By Bill Toulas / February 8, 2019

A fire outbreak incident at a server farm in Minnesota has resulted in a nation-wide outage of all Wells Fargo financial services, including online banking and over 13,000 ATMs. This resulted in 70 million customers of the company having their transactions declined since yesterday, while the combination of not being able to access the Web portal has definitely laid the ground for 'cold sweat' situations. Wells Fargo was quick to publish apologetic messages on their website and social media, stating that the problem was caused by a fire suppression system activation in one of their main data centers.

As a Wells Fargo employee disclosed on Reddit, the data center that was impacted had everything manually unplugged, except for the core network gear, while the failovers that are in place for emergency situations like this one did not work as expected. No details about the fire and its extent have been revealed, so whether or not damage to the servers occurred is unknown at this time. Many hope for loan data wiping, but as Wells Fargo performs frequent offline backups, getting saved by the fire is not at all likely.
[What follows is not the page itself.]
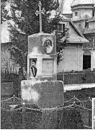
Тарас Шевченко 1914 р. с. Будилів (Франківщина)

The fact that outages of smaller scale have plagued Wells Fargo services since last week does not make the official explanation wholly believable. The official Twitter handle counts a handful of similar apologetic messages for widespread service outages, and many customers have naturally started to suspect that DoS attacks or data leak prevention and mitigation may be the actual reasons behind the blackouts. A detail that further promotes this hypothetical scenario is that Wells Fargo only called the fire department four hours after the incident started. Another point that fuels disbelief is the seemingly disproportional extent of the system outage caused by fire troubles in a single data center. The company tried to answer these concerns and highlight that the system outage was not a result of a cybersecurity event through the following tweet:

The services are now gradually being restored, but Wells Fargo has not given a clear indication of when to expect everything to be back online, nor did they disclose how many people are affected. At the beginning of this month, similar outages that were quite widespread were left with minimum clarifications, so it is quite possible that Wells Fargo won’t provide a detailed explanation of what happened now either. This approach is never a good one, and it can only play the role of cradling suspicions and general customer dissatisfaction.